- [Recorded data]
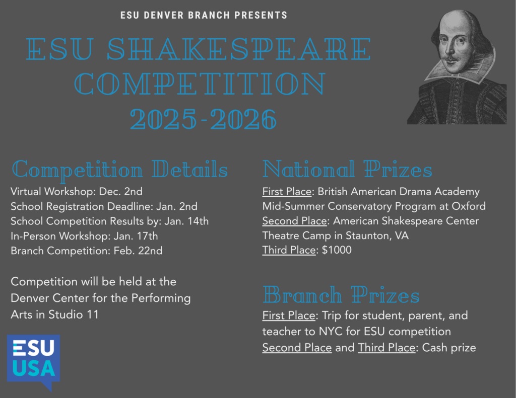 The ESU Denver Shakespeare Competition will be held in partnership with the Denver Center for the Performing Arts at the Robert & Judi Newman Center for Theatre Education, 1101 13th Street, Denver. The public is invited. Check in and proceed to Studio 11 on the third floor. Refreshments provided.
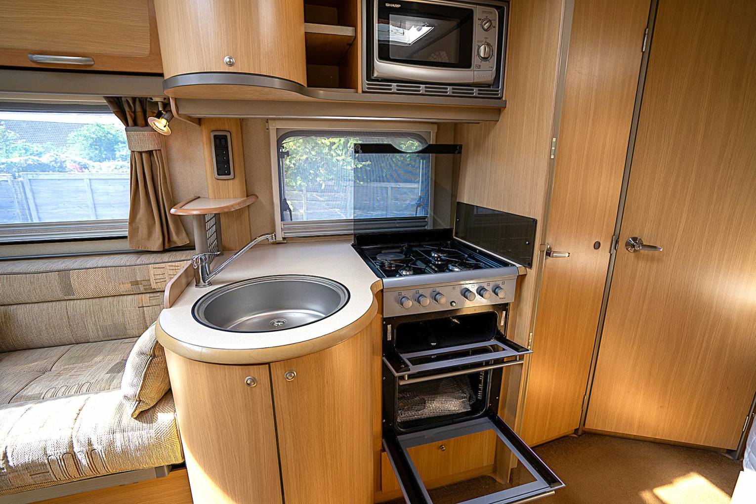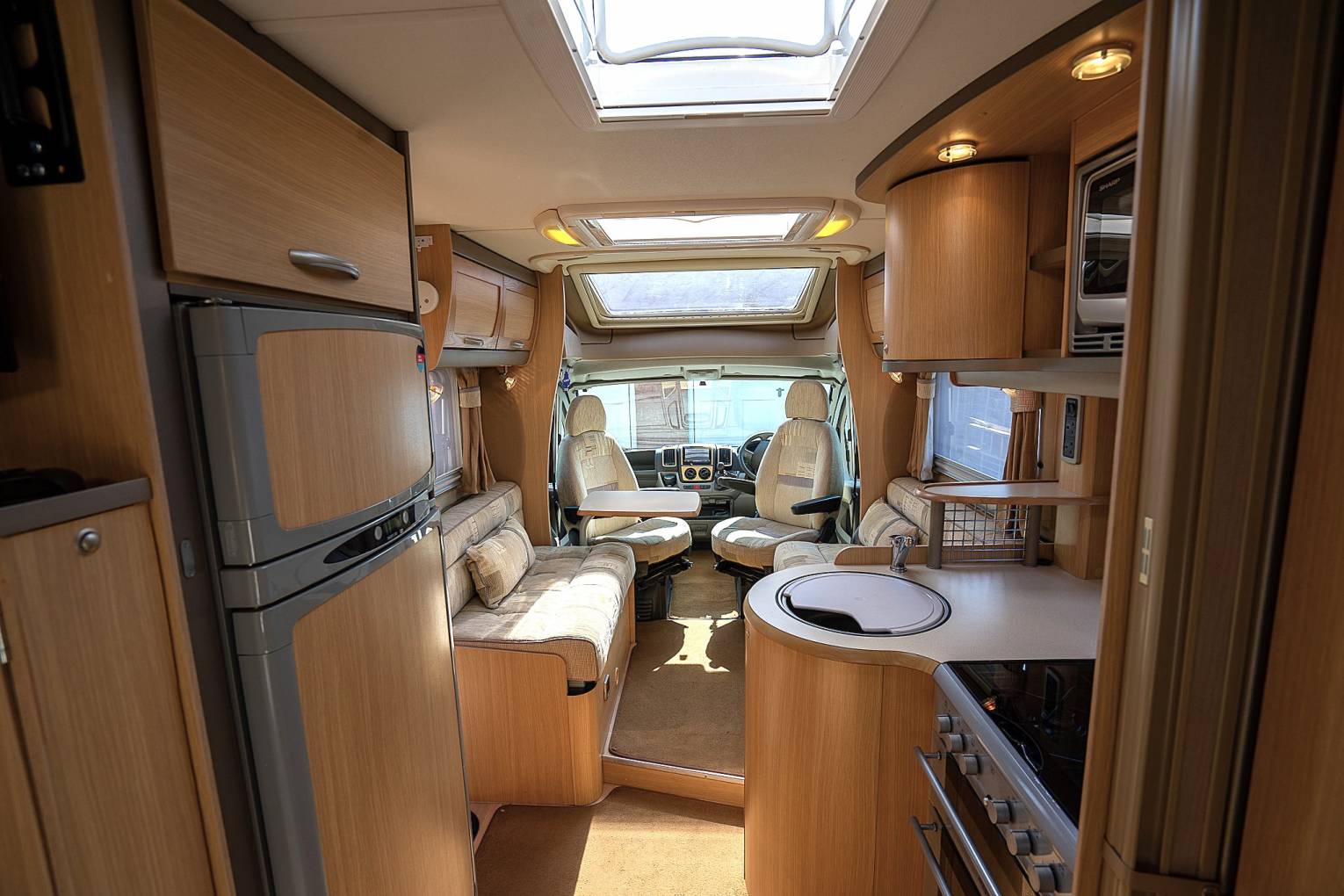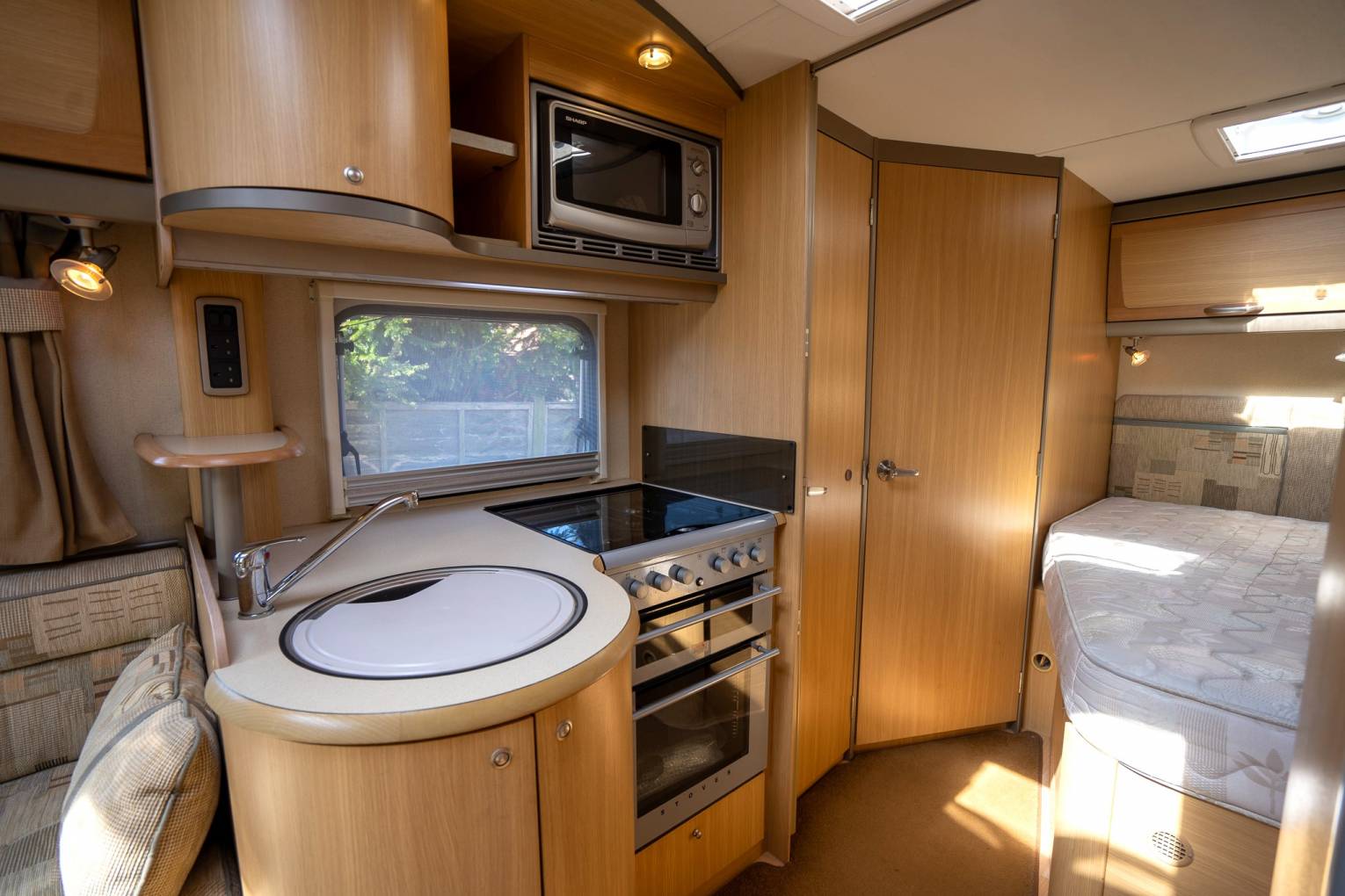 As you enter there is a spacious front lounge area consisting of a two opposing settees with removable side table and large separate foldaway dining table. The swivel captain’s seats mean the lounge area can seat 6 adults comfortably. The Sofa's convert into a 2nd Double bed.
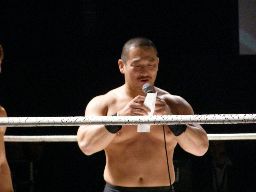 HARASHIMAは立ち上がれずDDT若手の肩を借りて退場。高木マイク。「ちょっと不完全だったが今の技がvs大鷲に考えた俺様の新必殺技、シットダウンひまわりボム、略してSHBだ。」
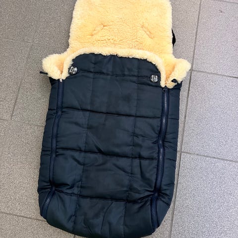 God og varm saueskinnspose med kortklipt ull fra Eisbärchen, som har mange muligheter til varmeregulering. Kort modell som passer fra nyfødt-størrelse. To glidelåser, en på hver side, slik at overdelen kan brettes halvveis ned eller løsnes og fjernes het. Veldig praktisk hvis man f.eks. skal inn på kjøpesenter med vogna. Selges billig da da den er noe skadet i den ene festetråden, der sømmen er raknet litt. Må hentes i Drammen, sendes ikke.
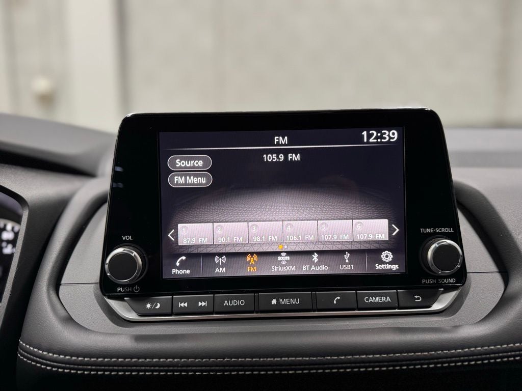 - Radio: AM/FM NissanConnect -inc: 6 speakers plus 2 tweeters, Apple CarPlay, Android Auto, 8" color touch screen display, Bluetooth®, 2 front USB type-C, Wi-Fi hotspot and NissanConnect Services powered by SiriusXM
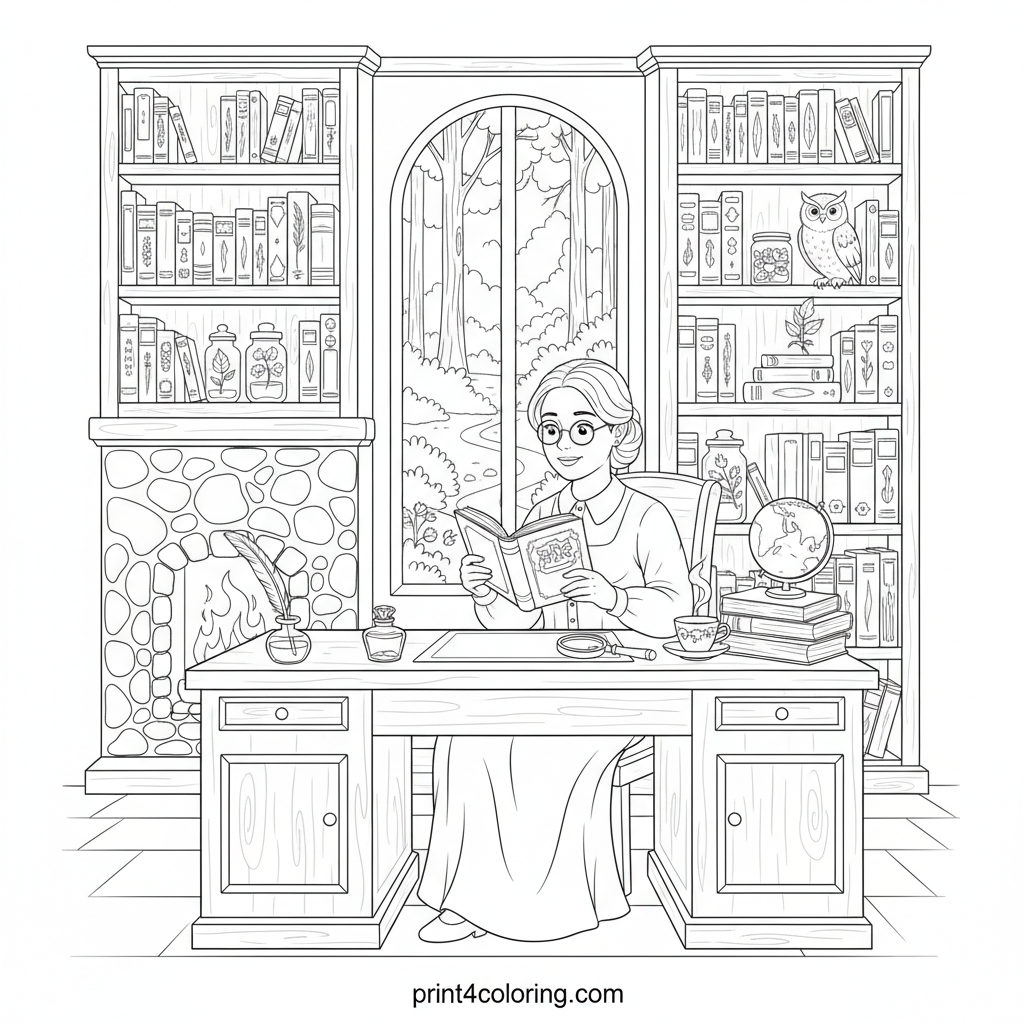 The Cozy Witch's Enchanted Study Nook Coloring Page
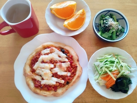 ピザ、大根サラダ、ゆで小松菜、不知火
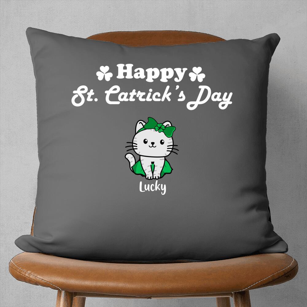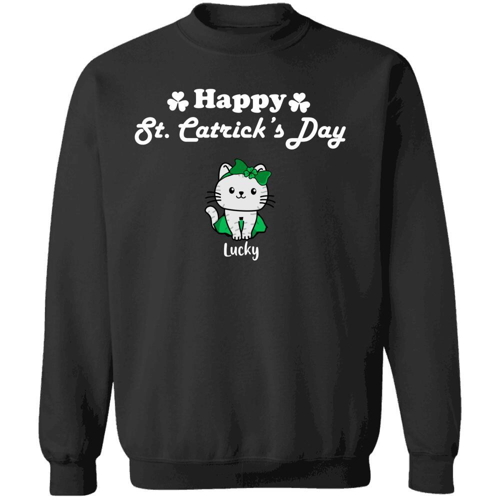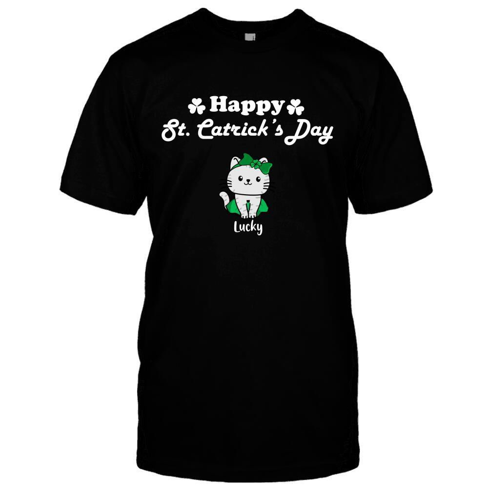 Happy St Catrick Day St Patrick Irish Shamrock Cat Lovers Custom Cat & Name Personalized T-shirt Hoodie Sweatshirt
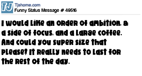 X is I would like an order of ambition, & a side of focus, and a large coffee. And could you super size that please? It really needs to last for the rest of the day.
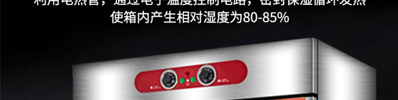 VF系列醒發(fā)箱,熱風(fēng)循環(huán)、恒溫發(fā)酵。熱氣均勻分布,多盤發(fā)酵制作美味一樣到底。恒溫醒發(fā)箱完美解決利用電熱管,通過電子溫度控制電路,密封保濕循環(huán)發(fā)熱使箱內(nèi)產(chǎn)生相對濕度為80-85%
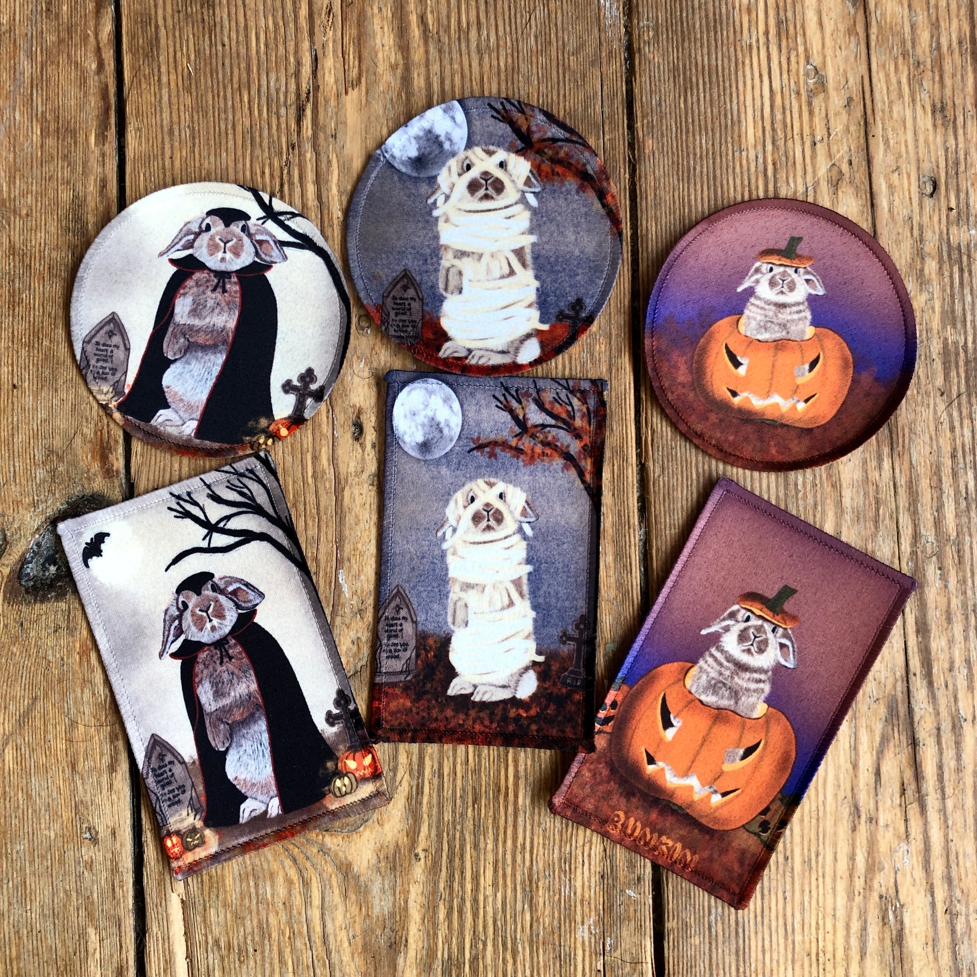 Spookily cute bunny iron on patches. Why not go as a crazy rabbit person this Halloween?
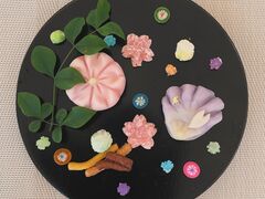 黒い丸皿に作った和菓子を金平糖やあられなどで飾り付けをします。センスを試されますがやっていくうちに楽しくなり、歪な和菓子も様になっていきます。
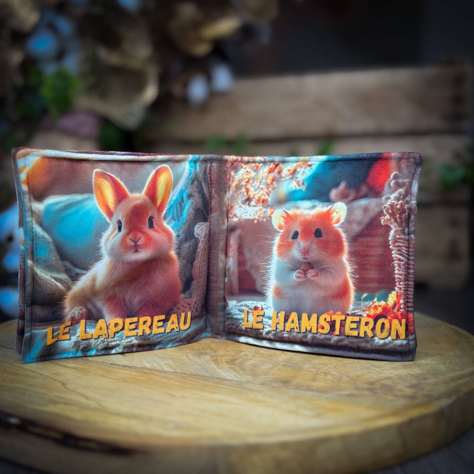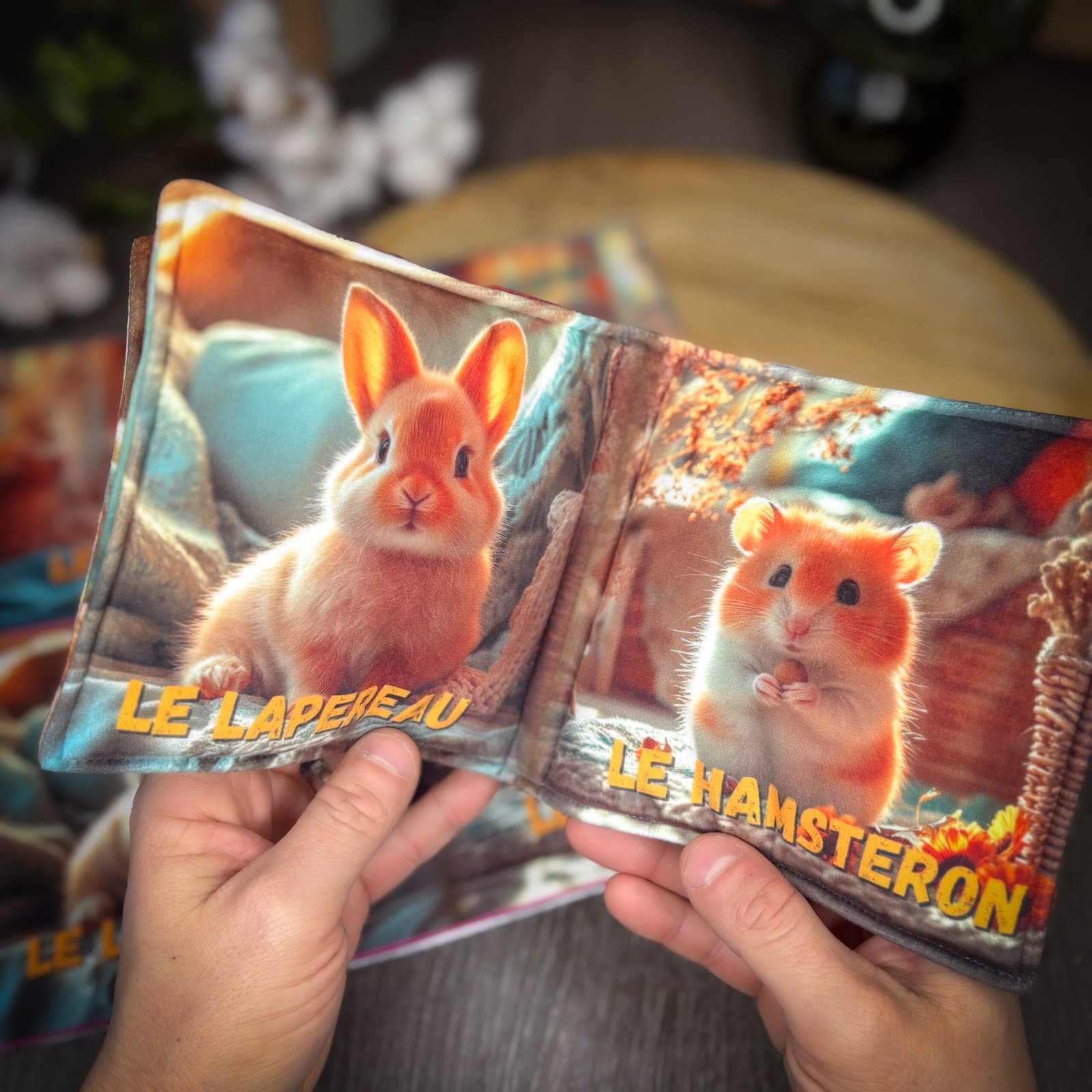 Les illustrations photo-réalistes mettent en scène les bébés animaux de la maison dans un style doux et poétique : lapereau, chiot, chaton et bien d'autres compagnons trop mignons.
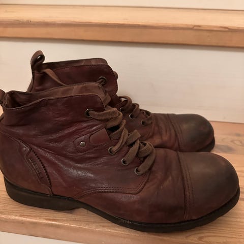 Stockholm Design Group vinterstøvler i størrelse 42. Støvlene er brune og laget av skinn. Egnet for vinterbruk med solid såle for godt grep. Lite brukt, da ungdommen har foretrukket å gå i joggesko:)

- [Work to complete]
For this exercise, restate the material exactly and skip every picture.

- [Answer for the task]
 The ESU Denver Shakespeare Competition will be held in partnership with the Denver Center for the Performing Arts at the Robert & Judi Newman Center for Theatre Education, 1101 13th Street, Denver. The public is invited. Check in and proceed to Studio 11 on the third floor. Refreshments provided.
 As you enter there is a spacious front lounge area consisting of a two opposing settees with removable side table and large separate foldaway dining table. The swivel captain’s seats mean the lounge area can seat 6 adults comfortably. The Sofa's convert into a 2nd Double bed.
 HARASHIMAは立ち上がれずDDT若手の肩を借りて退場。高木マイク。「ちょっと不完全だったが今の技がvs大鷲に考えた俺様の新必殺技、シットダウンひまわりボム、略してSHBだ。」
 God og varm saueskinnspose med kortklipt ull fra Eisbärchen, som har mange muligheter til varmeregulering. Kort modell som passer fra nyfødt-størrelse. To glidelåser, en på hver side, slik at overdelen kan brettes halvveis ned eller løsnes og fjernes het. Veldig praktisk hvis man f.eks. skal inn på kjøpesenter med vogna. Selges billig da da den er noe skadet i den ene festetråden, der sømmen er raknet litt. Må hentes i Drammen, sendes ikke.
 - Radio: AM/FM NissanConnect -inc: 6 speakers plus 2 tweeters, Apple CarPlay, Android Auto, 8" color touch screen display, Bluetooth®, 2 front USB type-C, Wi-Fi hotspot and NissanConnect Services powered by SiriusXM
 The Cozy Witch's Enchanted Study Nook Coloring Page
 ピザ、大根サラダ、ゆで小松菜、不知火
 Happy St Catrick Day St Patrick Irish Shamrock Cat Lovers Custom Cat & Name Personalized T-shirt Hoodie Sweatshirt
 X is I would like an order of ambition, & a side of focus, and a large coffee. And could you super size that please? It really needs to last for the rest of the day.
 VF系列醒發(fā)箱,熱風(fēng)循環(huán)、恒溫發(fā)酵。熱氣均勻分布,多盤發(fā)酵制作美味一樣到底。恒溫醒發(fā)箱完美解決利用電熱管,通過電子溫度控制電路,密封保濕循環(huán)發(fā)熱使箱內(nèi)產(chǎn)生相對濕度為80-85%
 Spookily cute bunny iron on patches. Why not go as a crazy rabbit person this Halloween?
 黒い丸皿に作った和菓子を金平糖やあられなどで飾り付けをします。センスを試されますがやっていくうちに楽しくなり、歪な和菓子も様になっていきます。
 Les illustrations photo-réalistes mettent en scène les bébés animaux de la maison dans un style doux et poétique : lapereau, chiot, chaton et bien d'autres compagnons trop mignons.
 Stockholm Design Group vinterstøvler i størrelse 42. Støvlene er brune og laget av skinn. Egnet for vinterbruk med solid såle for godt grep. Lite brukt, da ungdommen har foretrukket å gå i joggesko:)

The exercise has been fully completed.